**WHAT THE EXERCISE ASKS**
Pictures aside, reproduce exactly and only the lines below, starting at the one containing "Бывший политзаключенный Кремля Владимир" and ending at the last line.

※

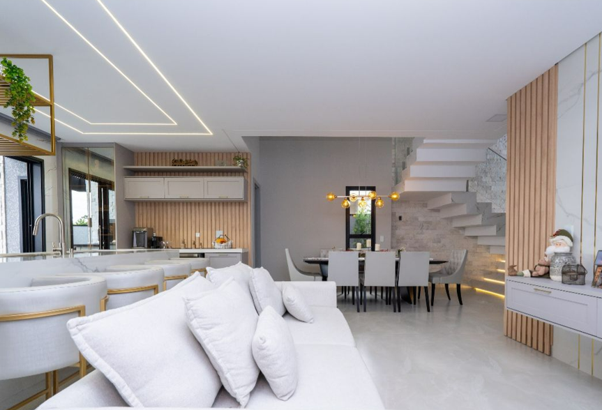 Com 250m² de área total, o projeto teve como foco principal os espaços sociais — cozinha, sala de estar e jantar — que juntos somam 125m² e representam o coração da casa. Pensados para acolher, integrar e valorizar o convívio familiar, esses ambientes foram desenhados para acompanhar a rotina de um casal jovem com um filho pequeno, equilibrando estética, funcionalidade e conforto.
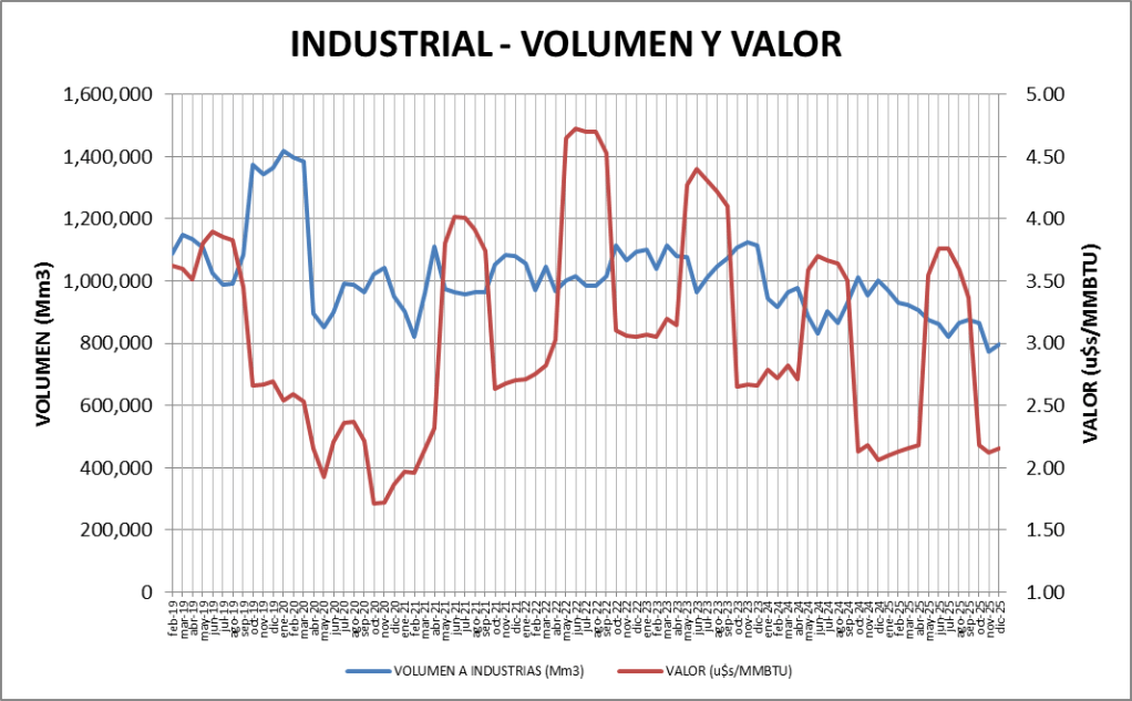 El valor del gas natural con dirección al sector industrial bajó un 1,9% en diciembre de 2025 respecto a noviembre de 2025.
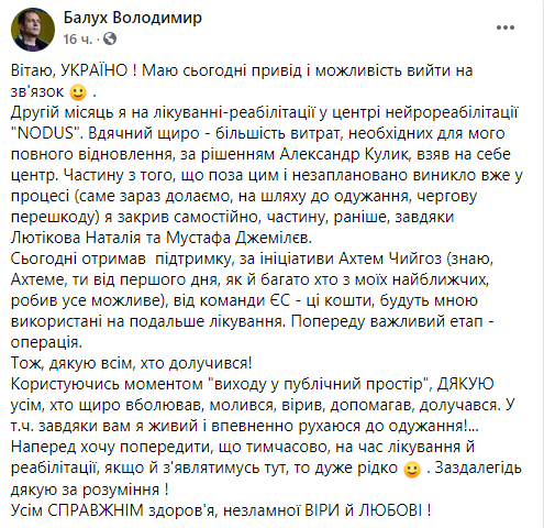 Бывший политзаключенный Кремля Владимир Балух, которого чуть не убили в начале сентября, впервые после нападения самостоятельно вышел на связь. Балух рассказал на своей странице в Facebook, что он уже второй месяц находится на лечении и реабилитации в частном центре нейрореабилитации. Финансово Балуху помогают друзья, среди которых Мустафа Джемилев и Ахтем Чийгоз. Балух рассказал, что впереди его ждет еще одна операция. Бывший политзаключенный Кремля поблагодарил всех, кто за него переживал и помогал.
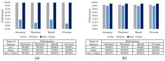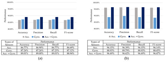 Comparison results of the proposed CNN-ResBiGRU-CBAM using data from different types of sensors: (a) WISDM-HARB dataset; (b) UTwente dataset.
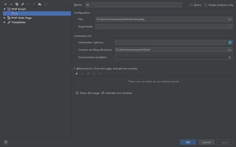配置debug,由于是命令行執(zhí)行腳本,選擇php script
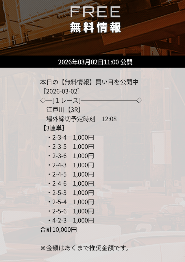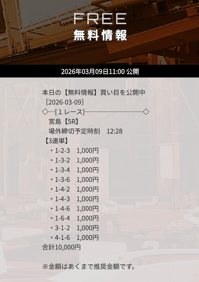 - 舟券代:10,000円

※

**RESPONSE**
 Бывший политзаключенный Кремля Владимир Балух, которого чуть не убили в начале сентября, впервые после нападения самостоятельно вышел на связь. Балух рассказал на своей странице в Facebook, что он уже второй месяц находится на лечении и реабилитации в частном центре нейрореабилитации. Финансово Балуху помогают друзья, среди которых Мустафа Джемилев и Ахтем Чийгоз. Балух рассказал, что впереди его ждет еще одна операция. Бывший политзаключенный Кремля поблагодарил всех, кто за него переживал и помогал.
 Comparison results of the proposed CNN-ResBiGRU-CBAM using data from different types of sensors: (a) WISDM-HARB dataset; (b) UTwente dataset.
配置debug,由于是命令行執(zhí)行腳本,選擇php script
 - 舟券代:10,000円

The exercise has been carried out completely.